Forse il dato più sorprendente è proprio quello relativo al grado di istruzione: «Su circa 4mila senzatetto intervistati, il 30 per cento dichiara di aver concluso gli studi superiori, il 7 per cento di aver addirittura conseguito la laurea».
Non sono fannulloni, ma lavorano quando e come possono: in un periodo difficile per tutti, spesso non ricavano più di un’occupazione interinale o di qualche attività in nero.
Le ragioni della loro vita raminga sono meno scontate di quel che si pensa. Per gli stranieri «la vita per strada è una condizione temporanea, dovuta all’immigrazione.
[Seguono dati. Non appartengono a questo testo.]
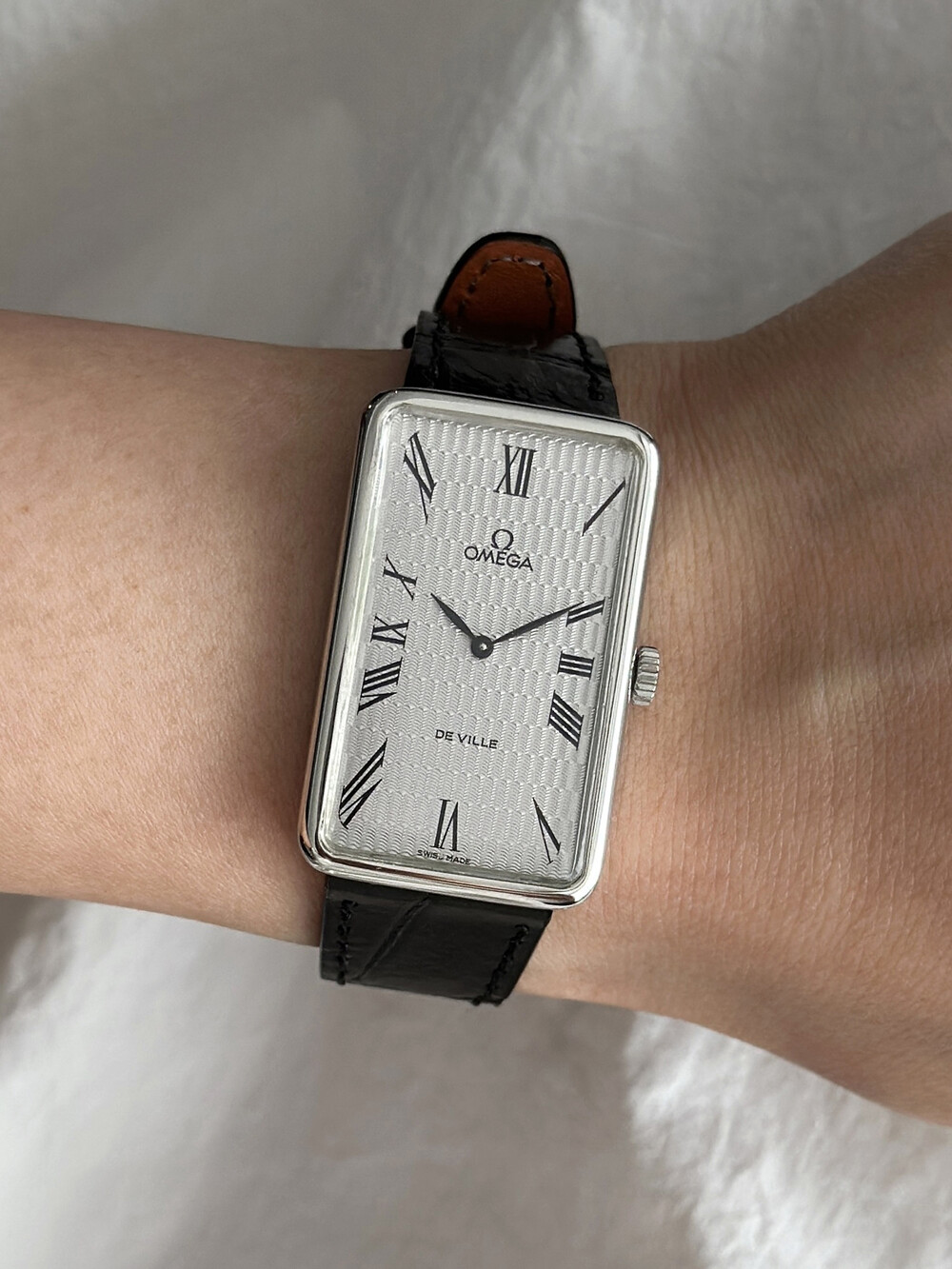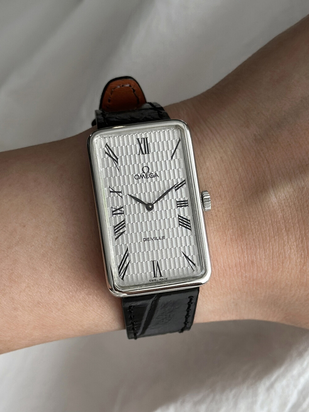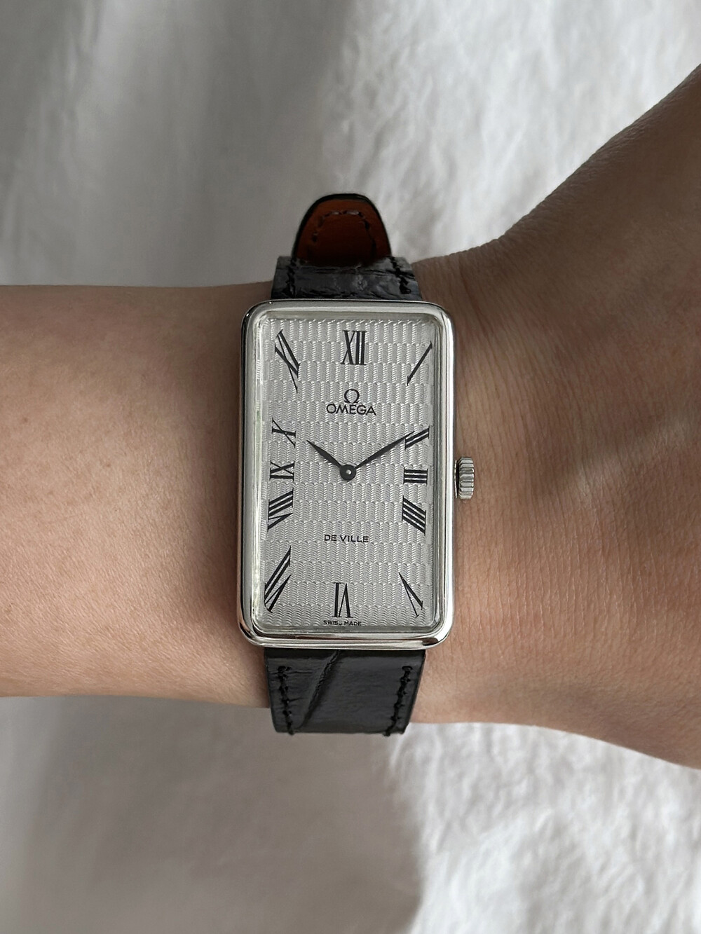 1971년도에 제작된 오메가 드빌 모델로 깔끔한 실버톤 다이얼과

Chi arriva nel nostro paese spesso non ha lavoro, non conosce la lingua, non ha i documenti in regola. Per questo non riesce a trovare casa e si accontenta del marciapiede, almeno i primi tempi».
Il clochard italiano, invece, «nella maggior parte dei casi ha subito un grave trauma: ha divorziato, perso il lavoro, si è ritrovato senza casa da un giorno all’altro».
Stando alla ricerca della Bocconi, quindi, è lontano dalla verità lo stereotipo del barbone alcolista: «droga e dipendenza dall’alcol coinvolgono solo il nove per cento dei clochard».
Insomma, per le anime in pena che i milanesi scorgono sotto i portici del centro cittadino alla sera infagottate in una coperta e circondate di stracci, «dormire in strada non è una scelta, ma la conseguenza di traumi sociali e familiari».
Il Giornale, commentando l’indagine, nota giustamente che si tratta di un quadro molto lontano dall’immaginario collettivo. Noi aggiungiamo che questa indagine offre una nuova possibilità: non ai clochard, ma a noi.
A quanto pare sono pochi i barboni-filosofi raccontati spesso nei telegiornali, personaggi eccentrici che rivendicano la loro libertà anche a costo di una rinuncia parziale alla dignità.
La maggior parte dei senzatetto vive una realtà molto più prosaica: dietro quelle facce spaurite e sporche si nasconde un dolore, un dramma, una disgrazia.
Spesso li guardiamo con indifferenza, fastidio, forse anche con un po’ di paura. Magari da oggi potremo osservarli con occhi nuovi.